Это замечание было бы слишком жестко, если бы применить его вполне к ‘Что читать народу’, но насколько, в целях настоящего очерка, мне казалось нужным уяснить, почему пользующийся несомненным всеобщим уважением и составляющий нашу гордость гр. Толстой, несмотря на всю авторитетность своего имени, обнаруживает очень слабое нравственное влияние на общество, так в тех же целях мне хотелось воспользоваться и несомненно почтенным трудом харьковских учительниц, чтобы выяснить его истинную морально-общественную сущность.
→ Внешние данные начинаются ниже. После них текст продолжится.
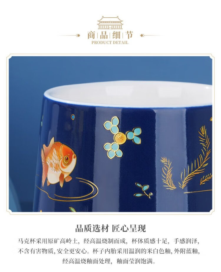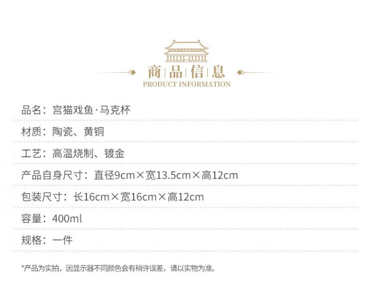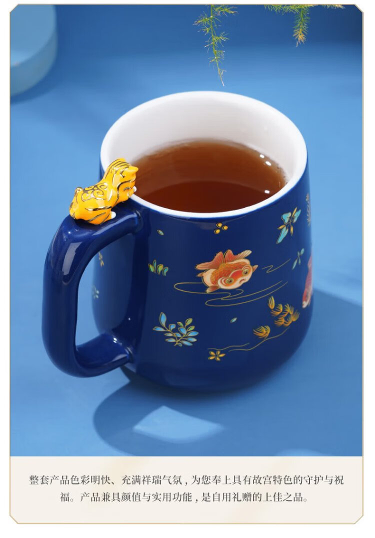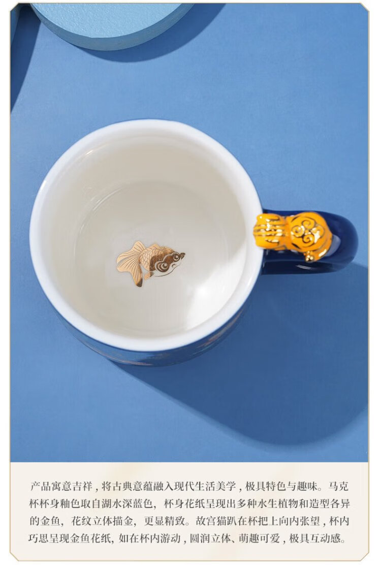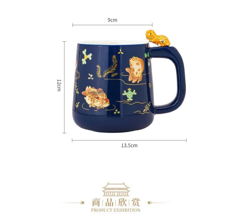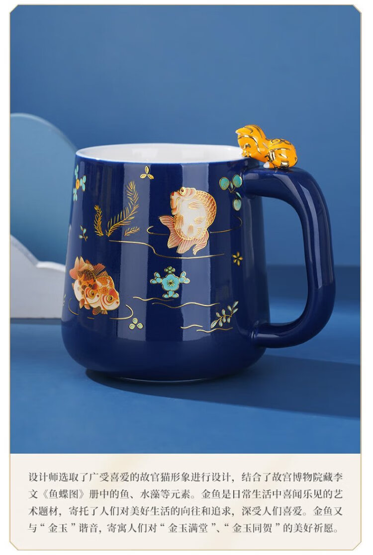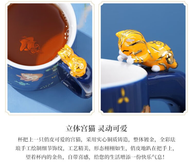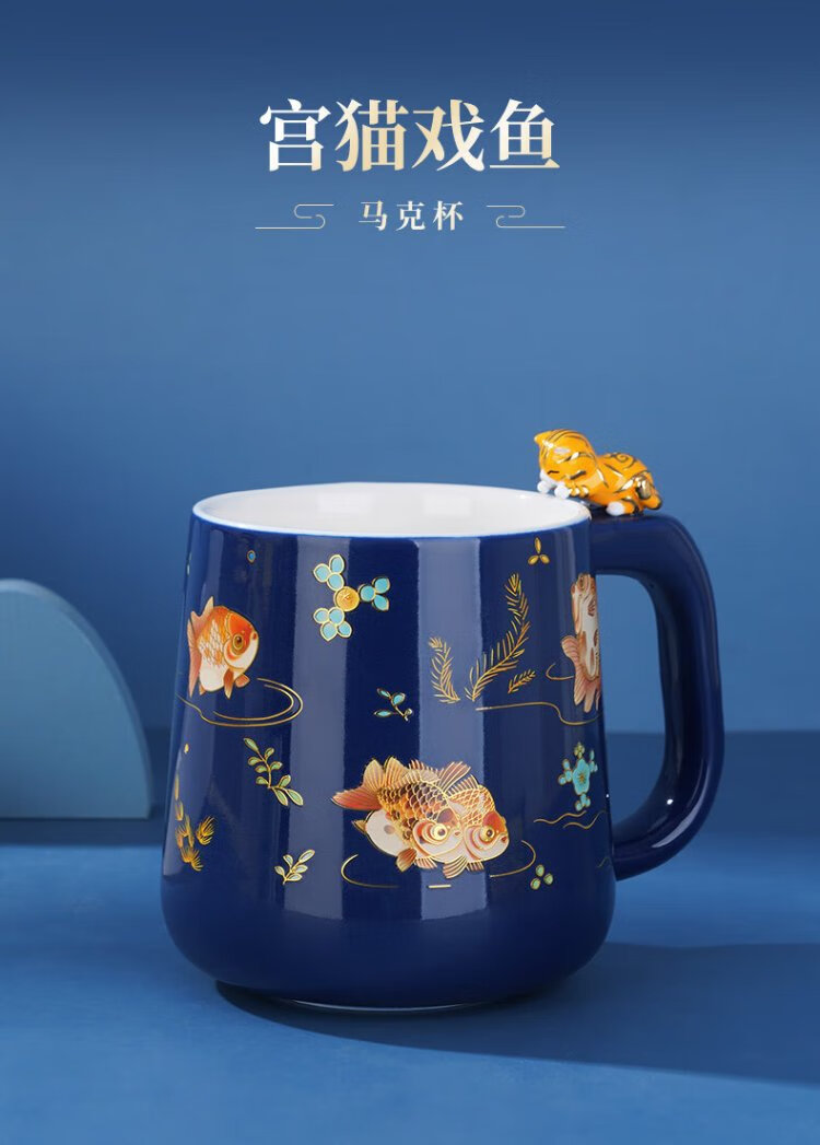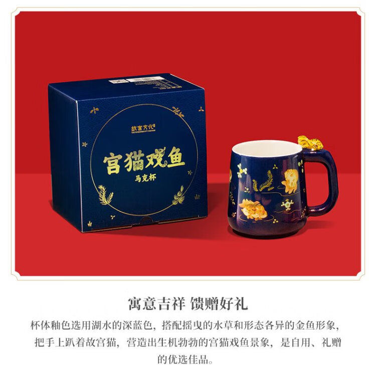 Palace Museum Culture Palace Cat Playing with Fish Mug Ceramic Cup Water Cup Coffee Cup Souvenir Palace Museum Cultural and Creative Gifts Gift Box 400ml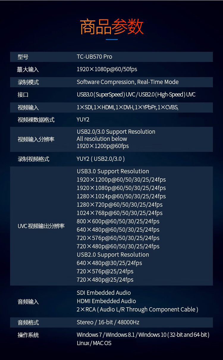 天创恒达 UB570Pro高清采集卡hdmi sdi vga高清视频直播USB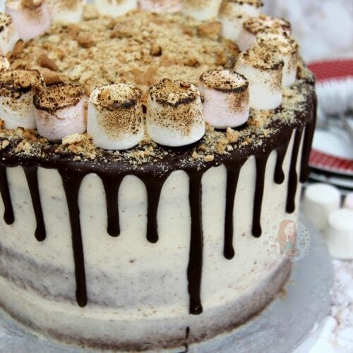 Chocolate Sponge, Marshmallow Fluff Buttercream Frosting, Toasted Marshmallows and Crushed Biscuits make the ultimate S’mores Cake to end all S’mores. Easy, Delicious, and Sweet…yum. I’ve been wanting to make a S’mores Cake for a good while now, but I knew I should wait till Autumn and Halloween/Guy Fawkes time to post it. Bonfire Night is…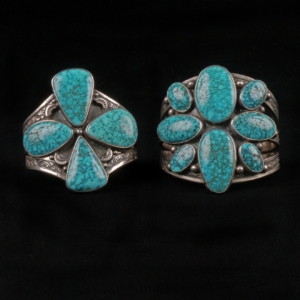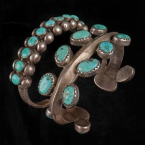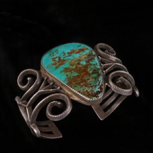 Jewelry making in the Southwest is major artform, and in the public imagination encoded in the combination of silver and turquoise. As an artistic domain it is highly dynamic and constantly influenced by, and responsive to, the economic and cultural history of the region, including government policy, collecting markets, the curio trade, and the availability of raw materials like turquoise and silver. Diné silversmithing first emerged in the 1850s dating from after the internment of Diné people at Bosque Redondo in southern New Mexico, influenced by local blacksmithing. Early silversmithing build upon pre-existing indigenous jewelry traditions, notably those of Pueblo and Diné communities who have long produced, worn and traded jewelry made with coral, shell, and stone. Charting the early history of silverwork, we see the emergence of the iconic styles of the Southwest from the 1870s – the squash blossom necklaces and concho belts – reflecting the importance of settlers, artists and tourists coming with the railroad as consumers and patrons of the artform. Works made from both precious and non-precious materials reflect changes in the availability of different materials throughout the nineteenth and twentieth centuries. Aesthetic and design sensibilities are never fixed, with distinct Pueblo and Diné visual traditions emerging and influencing one another in parallel and intersecting creative moments. Intergenerational knowledge of materials and techniques is maintained in families and communities, forming links between artists whose work is featured in the Wheelwright Museum’s collection.

‘Что читать народу’ есть собственно сказание харьковских учительниц о том неведении, с каким они вступили в незнакомый им мир, называемый народом. Это неведение не замечается, пока учительницы разбирают книги духовно-нравственною содержания, по естествознанию, истории, биографии, путешествиям (этого рода книг в 1-м томе ‘разобрано 694 и во втором 905, всего 1 599) , тут интеллигенция чувствует себя в своей области и делает свое дело. Мир неведения начинается для воспитательной интеллигенции с той минуты, когда она вступает в область психологии и начинает взвешивать народную душу и мерить ее вдоль и поперек произвольным аршином так называемой народной литературы, большею частью тенденциозной и назидательной, пытающейся выправлять народную душу по тому или другому шаблону. Литературных произведений, на которых, как на пробирном камне, производилось определение доброкачественности народной души, было разобрано и прочитано харьковскими учительницами 885. И нужно отдать справедливость народной рассудительности, выдержавшей не только блистательную пробу, но еще и открывшей нашей воспитательной интеллигенции свет неведомого для нее откровения. В сущности, получился урок не для народа, а для нас, народных учителей и учительниц, для нас, народных писателей, для нас, интеллигенции вообще.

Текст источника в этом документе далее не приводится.